This article discusses language universality and language variation, and suggests that there is no feature
variation in initial syntax, featural variation arising by metamorphosis under transfer from syntax to PF-morphology. In
particular, it explores the Zero Hypothesis, stating that Universal Grammar, UG, only provides two building elements, Root Zero
and Edge Feature Zero, zero, as they are purely structural/formal elements with no semantic content in UG. Their potential content
is provided by the Concept Mine, a mind-internal but language-external department. UG and narrow syntax has access to the Concept
Mine, and this Syntax-Concept Access is unique to humans, a prerequisite for the evolution of language (
Section 1). A related idea (also in
Section 1) is coined the Generalized
Edge Feature Approach, GEFA. It states that Merge always involves at least one edge feature, which precludes symmetric structures
and enables Simplest Merge (no Pair-Merge, no Hilbert epsilon operator).
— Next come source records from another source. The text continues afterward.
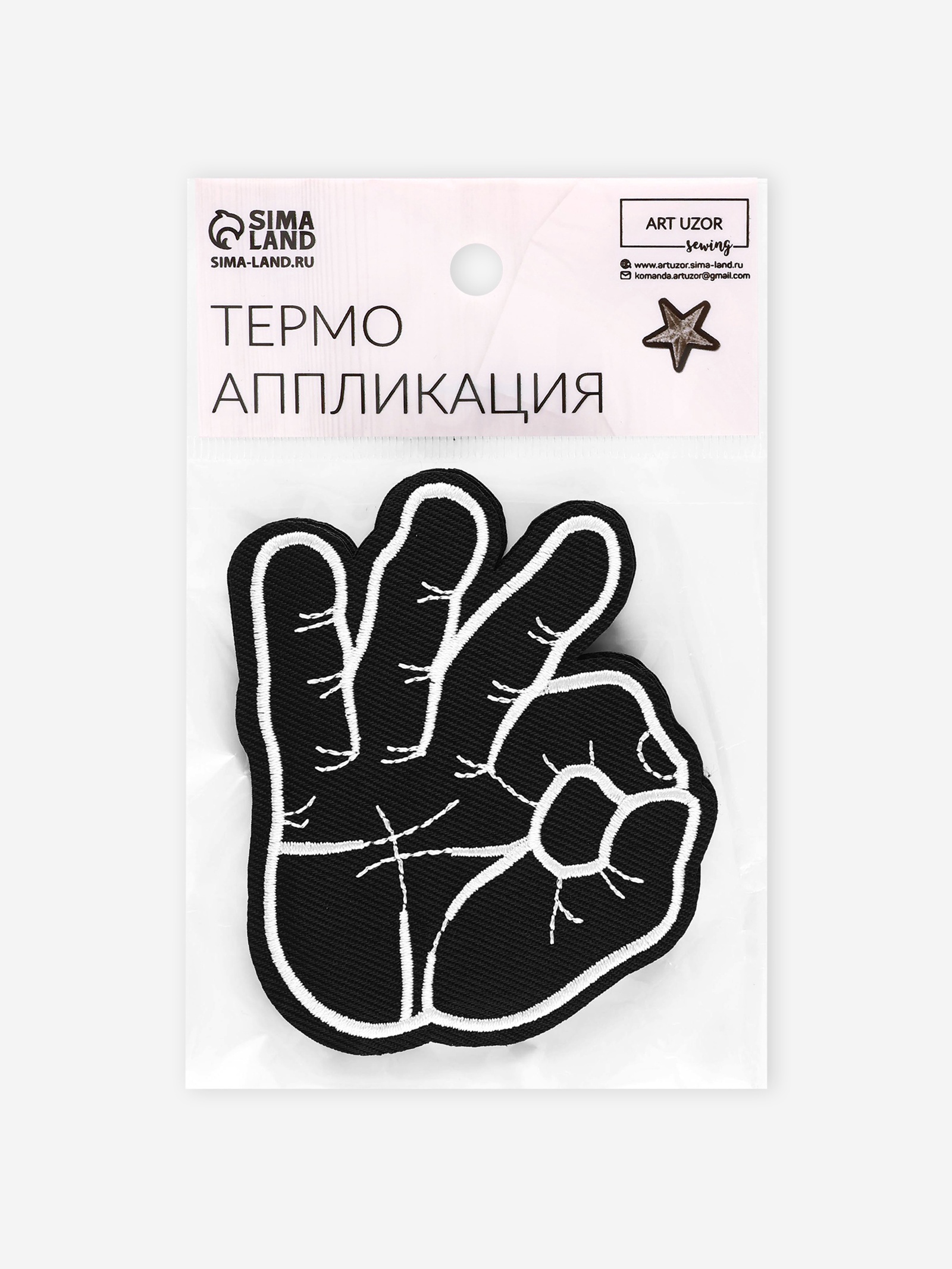 Термоаппликация «окей», 8.7 6.7 см, чёрная
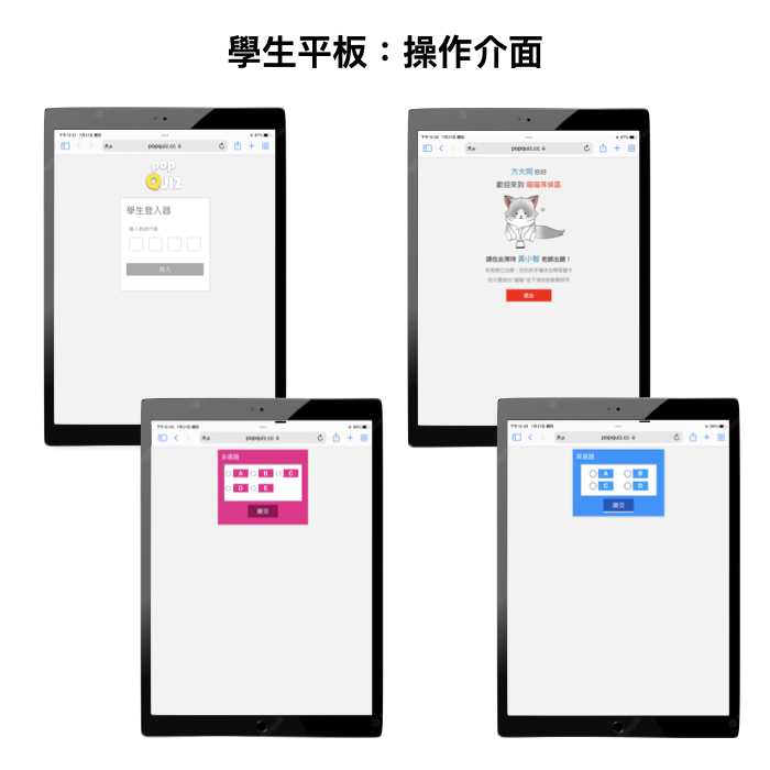 *學生端手機/平板登入連線後畫面受老師控制為『等待』或『答題』狀態,讓學生的手機/平板變身為單純的『答題輸入器』。
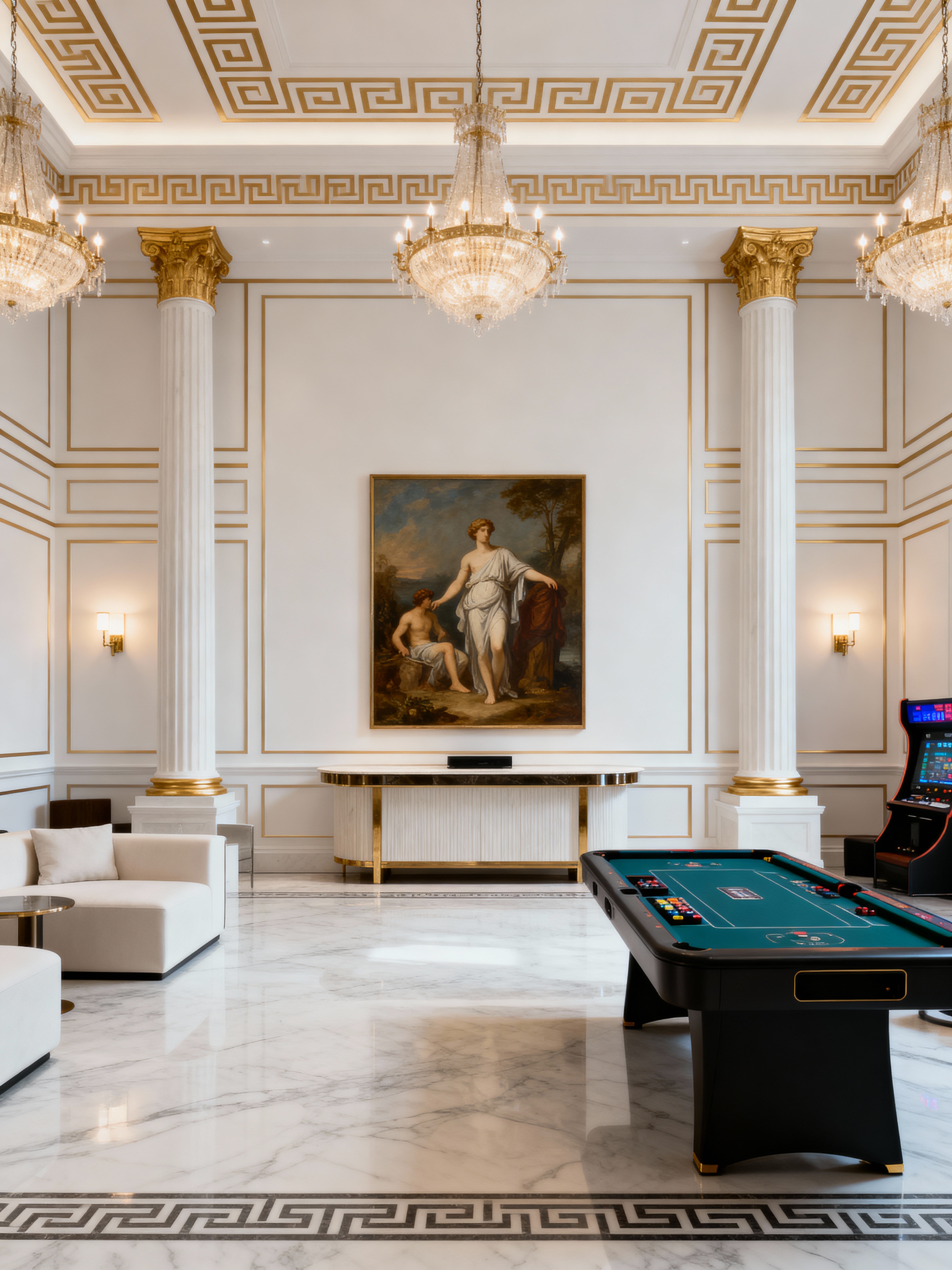 gaming room with neoclassic style . with high ceilings and timeless artwork and geometric decorative elements and emphasized horizontal and vertical lines and elegant and sophisticated and thoughtful minimalism and symmetric layouts and greek columns
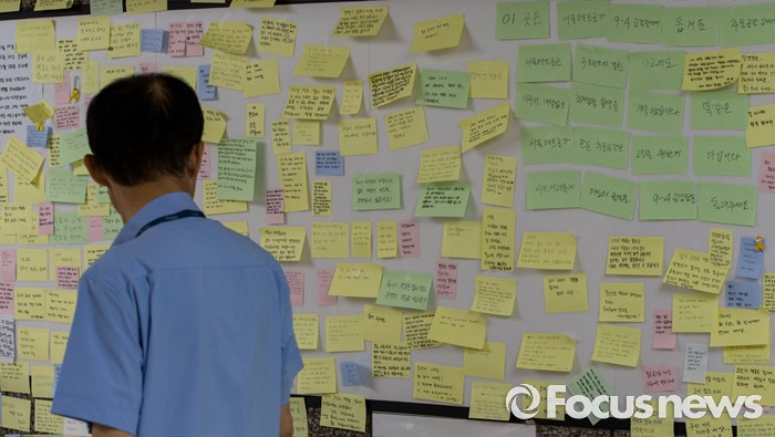 | △ 추모글 살펴보는 서울메트로 직원 |
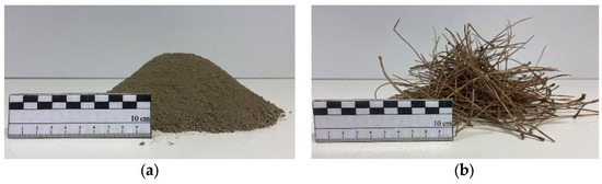 The reinforcement solution analysed in this study uses natural pine needles collected from stone pines, Pinus pinea, in the same region, Figure 1. With 52–60% cellulose, 13–15% lignin, 20% hemicellulose, and 5% of other extractives, this biodegradable material has a maximum tensile strength ranging between 35.8 and 36.94 MPa [22]. The physical characteristics of the natural reinforcement were analysed from a sample of 15 g in mass, concluding that the length of the pine needles varied from 60 to 180 mm, giving an average value of 117 mm; the average width was 0.87 mm, with values ranging between 0.62 and 1.11 mm. The ratio length/width (considering average values) was 134. The fibres were used in their natural state, after cleaning and an air-drying process. Damaged fibres were discarded.

The article advocates that there is no syntactic feature
selection (
Section 2), all syntactic features being universally accessible in the Concept
Mine, via Root Zero and Edge Feature Zero. In contrast, there is feature selection in PF (including morphology), yielding
variation (
Section 3), Gender being a clear example (
Section 4). However, there is a widely neglected syntax-to-PF-morphology metamorphosis (
Section 5), such that morphological features like [past] are distinct from albeit related to syntactic features like
Speech Time. Parameters operate on selected PF features, and not on purely syntactic features, so parameter setting is plausibly
closely tied to the syntax-to-PF-morphology metamorphosis (the concluding
Section 6). It is
suggested that parameters are on the externalization side of language, part of or related to the sensory-motor system,
facilitating motoric learning in language acquisition.